▶ [WHAT YOU SHOULD DO] Reproduce the entries below exactly, but only from the line containing "Mild steel 5-shelf" to the line containing "Enduring glamour. The", inclusive.
***** SUPPLIED RECORDS *****
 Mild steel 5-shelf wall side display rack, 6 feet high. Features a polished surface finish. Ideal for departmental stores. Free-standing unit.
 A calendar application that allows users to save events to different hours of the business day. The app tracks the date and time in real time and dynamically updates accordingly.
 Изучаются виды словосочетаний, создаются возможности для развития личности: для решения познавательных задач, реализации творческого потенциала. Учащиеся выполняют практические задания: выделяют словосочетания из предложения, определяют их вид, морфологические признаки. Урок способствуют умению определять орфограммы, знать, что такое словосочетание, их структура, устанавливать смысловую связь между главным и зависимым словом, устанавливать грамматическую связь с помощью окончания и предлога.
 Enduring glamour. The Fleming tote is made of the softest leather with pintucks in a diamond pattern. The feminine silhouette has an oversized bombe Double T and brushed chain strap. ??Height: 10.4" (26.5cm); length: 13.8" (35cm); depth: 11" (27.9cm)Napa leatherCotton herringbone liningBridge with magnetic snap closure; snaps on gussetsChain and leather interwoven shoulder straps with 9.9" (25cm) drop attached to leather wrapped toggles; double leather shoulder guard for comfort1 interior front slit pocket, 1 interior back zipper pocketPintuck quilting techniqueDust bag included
*****
***** SUPPLIED RECORDS *****
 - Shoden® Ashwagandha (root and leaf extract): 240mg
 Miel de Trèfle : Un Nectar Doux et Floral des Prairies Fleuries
*****
***** SUPPLIED RECORDS *****
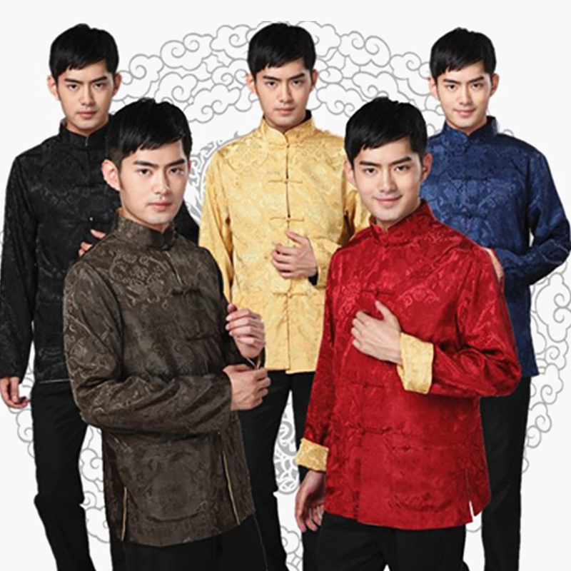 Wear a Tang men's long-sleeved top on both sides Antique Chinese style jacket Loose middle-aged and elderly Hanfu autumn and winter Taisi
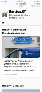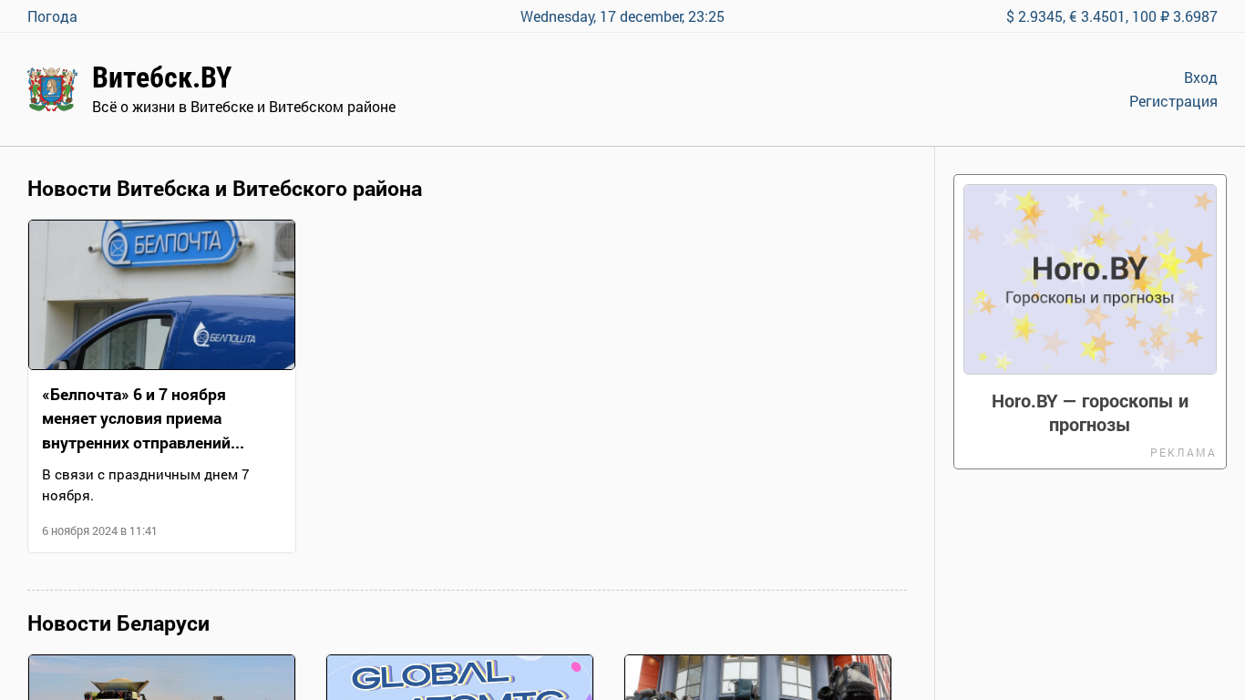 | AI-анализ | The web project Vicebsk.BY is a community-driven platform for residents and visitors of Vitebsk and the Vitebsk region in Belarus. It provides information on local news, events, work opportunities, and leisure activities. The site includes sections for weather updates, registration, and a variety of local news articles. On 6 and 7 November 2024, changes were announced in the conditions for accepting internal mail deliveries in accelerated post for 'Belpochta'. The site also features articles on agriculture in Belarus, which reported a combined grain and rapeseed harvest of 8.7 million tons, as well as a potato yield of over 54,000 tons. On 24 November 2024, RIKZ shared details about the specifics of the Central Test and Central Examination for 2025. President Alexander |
*****
▶ [WRITTEN REPLY]
 Mild steel 5-shelf wall side display rack, 6 feet high. Features a polished surface finish. Ideal for departmental stores. Free-standing unit.
 A calendar application that allows users to save events to different hours of the business day. The app tracks the date and time in real time and dynamically updates accordingly.
 Изучаются виды словосочетаний, создаются возможности для развития личности: для решения познавательных задач, реализации творческого потенциала. Учащиеся выполняют практические задания: выделяют словосочетания из предложения, определяют их вид, морфологические признаки. Урок способствуют умению определять орфограммы, знать, что такое словосочетание, их структура, устанавливать смысловую связь между главным и зависимым словом, устанавливать грамматическую связь с помощью окончания и предлога.
 Enduring glamour. The Fleming tote is made of the softest leather with pintucks in a diamond pattern. The feminine silhouette has an oversized bombe Double T and brushed chain strap. ??Height: 10.4" (26.5cm); length: 13.8" (35cm); depth: 11" (27.9cm)Napa leatherCotton herringbone liningBridge with magnetic snap closure; snaps on gussetsChain and leather interwoven shoulder straps with 9.9" (25cm) drop attached to leather wrapped toggles; double leather shoulder guard for comfort1 interior front slit pocket, 1 interior back zipper pocketPintuck quilting techniqueDust bag included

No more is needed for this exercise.